Título: there must be an angel playing with my heart.

Capitulo: 1/3

Pairing: Jared/Jensen

Fandom: RPS

Autora: Taolee

Beta: flexikuki

Número de palabras: 1.595

Disclaimer: ellos no me pertenecen, pero sí mi imaginación y hago con ella lo que puedo.

Warning: sexorro en sitios públicos, palabras guarrillas y subidas de tono, terminología grosera y burda… bueno, lo normal en mí XD

 

CAPITULO 1

 

 

 

                Jared caminó decidido por el plató buscando su objetivo. Esa mañana se había levantado y se había dado cuenta de que estaba cansado de todo. No es que estuviera enfadado, ni molesto, ni siquiera se quejaba de la vida que llevaba, ni de los amigos que tenía de sus compañeros de trabajo. No, era simplemente que en los últimos meses había estado como en una burbuja personal, viendo a la gente moverse alrededor de él y él, viendo la gente pasar y sin hacer nada. Hasta hoy.

                Era muy temprano y la mayoría de los miembros del set no habían llegado. Ni siquiera Sera estaba allí aún. Mejor. Menos testigos para el crimen que pensaba cometer.

                Llegó hasta el final del plató, donde se guardaban los paneles que usaban como paredes para los decorados de la serie. Sabía que Jensen tenía que esta por ahí, escondido, ensayando sus frases. Le gustaba meterse y perderse por ahí porque nadie le molestaba y podía practicar cuanto quisiera.

                Jared caminó en silencio, casi como un depredador rastreando a su presa.
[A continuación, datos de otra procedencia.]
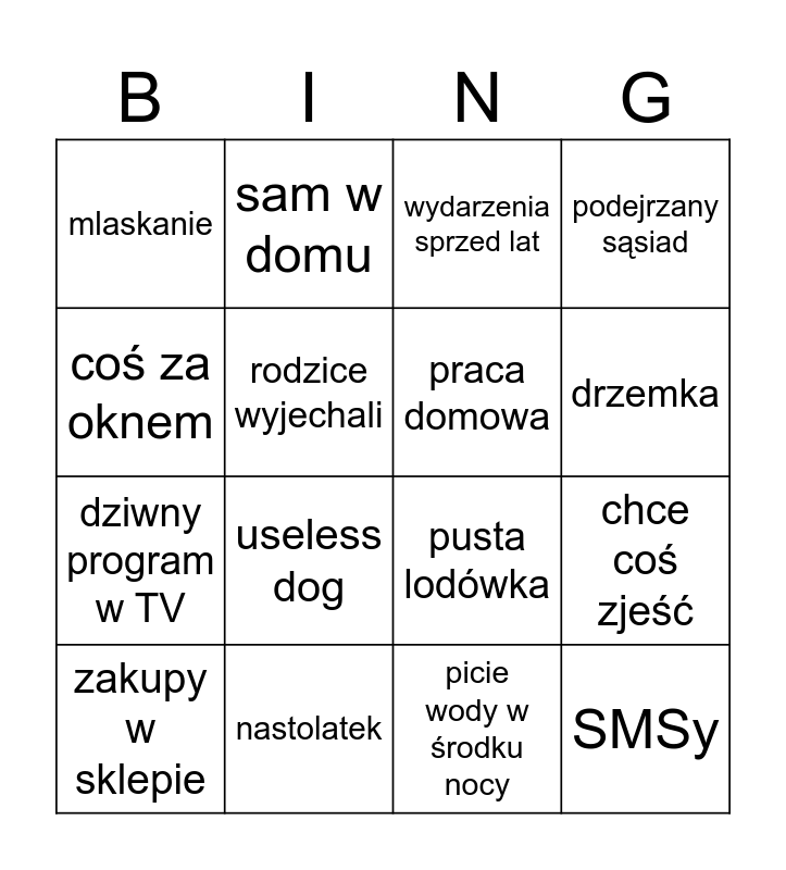 This bingo card has 16 words: nastolatek, chce coś zjeść, wydarzenia sprzed lat, mlaskanie, dziwny program w TV, sam w domu, pusta lodówka, picie wody w środku nocy, coś za oknem, rodzice wyjechali, zakupy w sklepie, podejrzany sąsiad, useless dog, drzemka, praca domowa and SMSy.
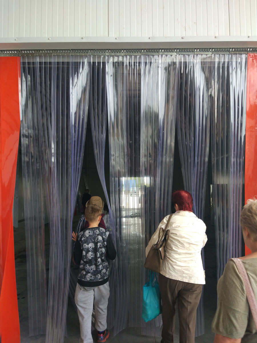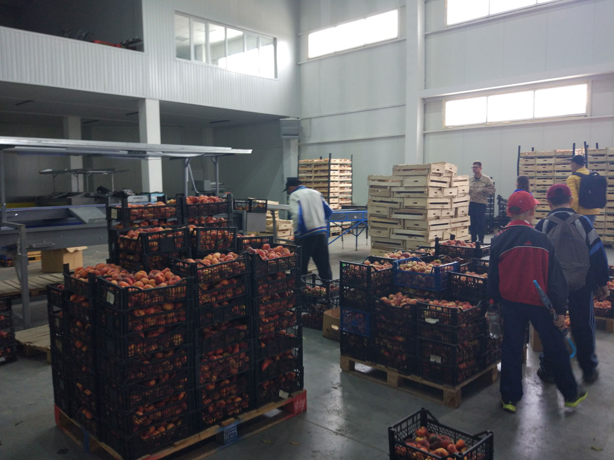 Ещё были в холодильном складе (фруктохранилище), где фрукты хранятся при температуре, стремящейся к нулю. Сначала происходит перебор фруктов, потом их оставляют в предварительно охлажденном помещении, после которого фрукты переводят в холодильники. Тут экскурсовод угостил гостей вкусными персиками нового вида.

Entonces lo vio al final del pasillo. Jensen estaba distraído leyendo, seguramente su guión, y no se percató de que Jared se acercaba  sigilosamente por su espalda.

                Sin avisar, lo cogió por el hombro, lo giró y lo dejó de caer sobre unos tablones del fondo. Éstos protestaron y se movieron, pero afortunadamente no cayeron al suelo. Eso  habría provocado un ruido terrible, sin contar lo peligroso que hubiera sido, pero Jared parecía tenerlo todo bajo control.

                Sin más explicaciones acercó su cuerpo al de Jensen y se pegó a él mientras le devoraba la boca con un beso pillado de sorpresa.

                Jensen tardó en reaccionar, primero por la sorpresa del acto y segundo porque aún estaba dormido, aunque los labios de Jared lo despertaron rápidamente.

                - ¿A qué diablos viene esto? –Jensen y su mal humor mañanero dejaban mucho que desear, aunque Jared sabía de sobra que no estaba molesto, sino curioso.

                - Viene a que estoy cansado, Jensen –Jared se arrimó tanto que pareció que iba a besarle de nuevo con la misma intensidad-. Cansado de no poder besarte cuando quiero, de ver cómo besas y coqueteas con los demás, de quedarme en segundo plano porque se supone que es lo que hemos acordado hacer para que nuestras vidas y nuestras carreras progresen, pero ¿sabes qué?, me importa una mierda.

                - Jared, ya hemos hablado de eso…

                - Lo sé y no voy a hablar más –Jared se acercó y le mordió el labio inferior, ese labio tan carnoso y apetecible que Jensen había usado contra él tantísimas veces-. Tampoco voy a permitirme olvidar el sabor de tu piel otra vez.

                Jensen tenía mil cosas en la cabeza que decirle, pero las olvidó todas cuando la lengua de Jared invadió su boca y cualquier pensamiento racional voló como una hoja al viento. Soltó los papeles a su lado, haciendo un sonido desordenado al caer a los pies de ambos. Levantó la mano para ponerla sobre el pecho de Jared. Irremediablemente la bajó hacia su estómago, hacia su vientre plano y duro. Los pantalones, como siempre, los llevaba a kilómetros de las caderas, pecaminosamente colgando.

                - Te he echado de menos.

                Jared dejó de besarle cuando escuchó esas palabras salir de la boca del rubio.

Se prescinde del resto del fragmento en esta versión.